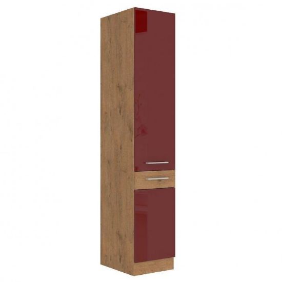 Meble kuchenne Vigo to uniwersalna propozycja dla kuchni zamkniętych oraz otwartych. Korpus wykonany z płyty laminowanej w kolorze Dąb Lancelot. Fronty w kuchni natomiast są wykonane z płyty MDF w kolorze bordo połysk, dodatkowo zabezpieczone folią odporną na termo warunki panujące w kuchni (ABS). Szafki wyposażone są w system cichego domyku Indamatic. Szuflady również posiadają system cichego domyku. Meble Vigo to rozwiązanie dla tych, którzy cenią sobie wygodę i indywidualny styl.
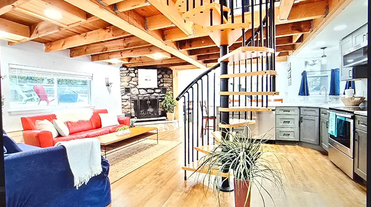 Uronite u spokoj u našem mirnom utočištu u južnom Nju Hempširu. Ovaj istorijski prostor, ukrašen originalnom drvenarijom, rustičnom ciglom i visokim plafonima od 3,35 m, nudi prostrano utočište od 246 kvadratnih metara. Opustite se u kadi ili uživajte u pogledu na vodopad sa terase. Praktično blizu centra grada, ali dovoljno daleko za neometan mir. Dobro došli u svoje utočište za odmor i podmlađivanje. Kancelarija iz snova za rad na daljinu sa brzim povezivanjem i namenskim radnim prostorom na daljinu
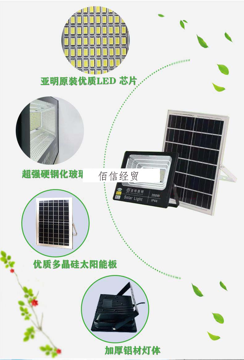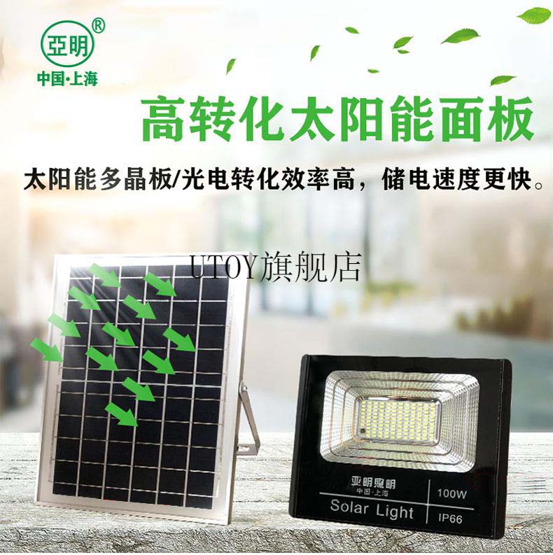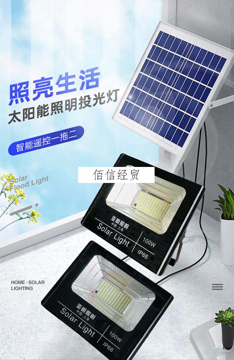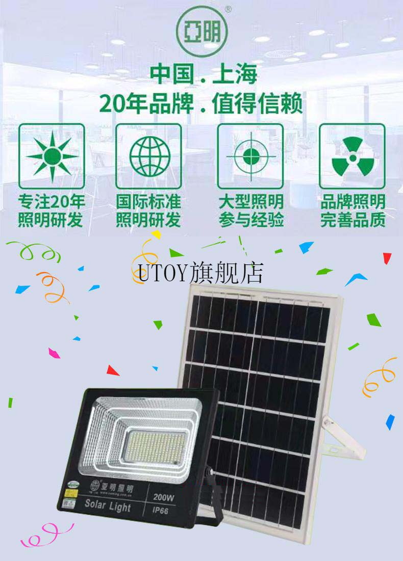 2022新款亚明太阳能灯 上海太阳能超亮户外防水w200w室外新农村LED投光照明路灯 亚明太阳能200w光控+遥控 自营
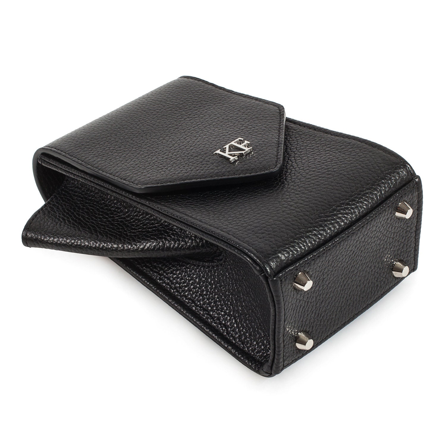 Black genuine leather woman crossbody bag from ukrainian designer Katerina Fox. Fashionable and elegant modern bag KF for bright girls and women. This bag is able to attract attention and highlight your exquisite taste. All accessories for Katerina Fox bags makes the same factory as for Michael §¬ors, Calvin Klein, DKNY and other famous brands.The internal space of a bag is equipped with one spacious compartment, four patch pockets for cards. The bag is closed on the button-magnet. The bag has a short removable handle on wrist.The length of the strap is adjustable. The kit also includes a storage bag.
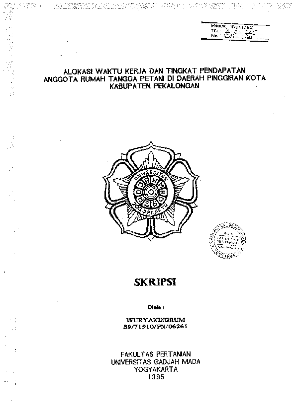 ALOKASI WAKTU KERJA DAN TINGKAT PENDAPATAN ANGGOTA RUMAH TANGGA PETANI DI DAERAH PINGGIRAN KOTA KABUPATEN PEKALONGAN Wuryaningrum Fakultas Pertanian UGM Konten Lokal Konten Lokal 50980
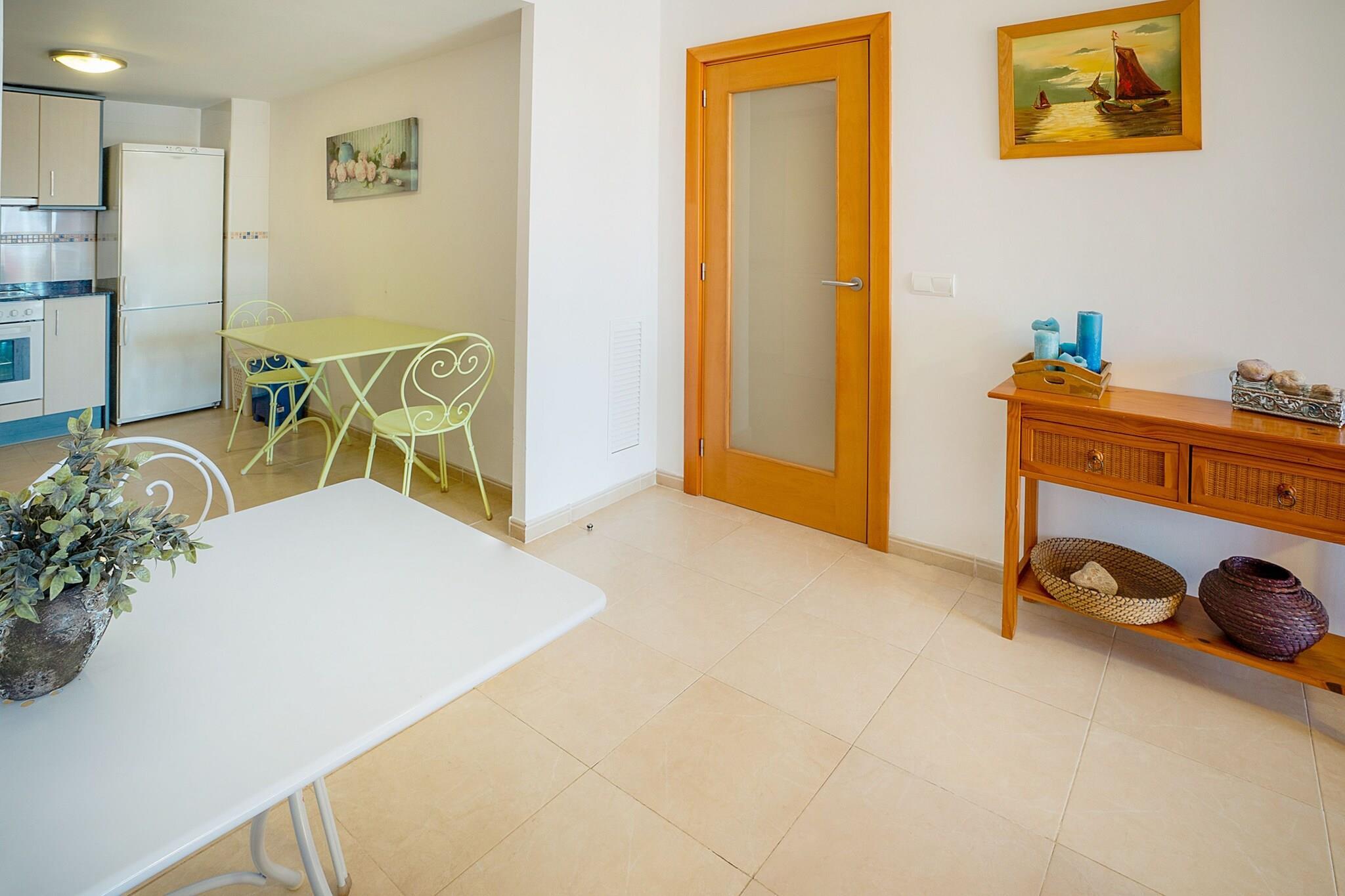 This is a cosy 1-bedroom apartment in Urbanització l'Eucaliptus. Only 100m from the beach, the home is perfect for a seaside vacation. It is ideal for a couple or small family. The apartment is in the middle of a nature reserve 8 km from Amposta. The area around the home is ideal for hiking and for nature lovers. The Delta del Ebro National Park is nearby, where you can fish and canoe. Els Muntells is 3 km away and has various shops, bars and restaurants. Only 10 km from the apartment you will find the beach and fishing village of St. Carles de la Ràpita with its beautiful port. There's a restaurant and supermarket 4.5 km away. The apartment is located on the first floor and has a lift. The shared roof terrace offers a beautiful view of the surrounding area and the sea. There's also a shared swimming pool. It is air conditioned and offers bed linen, kitchen linen and bath towels.

· · · ·

- PROBLEM: In the listing above, find the line containing "Black genuine leather". Output it and every line after it up to and including the line containing "ALOKASI WAKTU KERJA", exactly, but skip the pictures.

- SOLUTION:
 Black genuine leather woman crossbody bag from ukrainian designer Katerina Fox. Fashionable and elegant modern bag KF for bright girls and women. This bag is able to attract attention and highlight your exquisite taste. All accessories for Katerina Fox bags makes the same factory as for Michael §¬ors, Calvin Klein, DKNY and other famous brands.The internal space of a bag is equipped with one spacious compartment, four patch pockets for cards. The bag is closed on the button-magnet. The bag has a short removable handle on wrist.The length of the strap is adjustable. The kit also includes a storage bag.
 ALOKASI WAKTU KERJA DAN TINGKAT PENDAPATAN ANGGOTA RUMAH TANGGA PETANI DI DAERAH PINGGIRAN KOTA KABUPATEN PEKALONGAN Wuryaningrum Fakultas Pertanian UGM Konten Lokal Konten Lokal 50980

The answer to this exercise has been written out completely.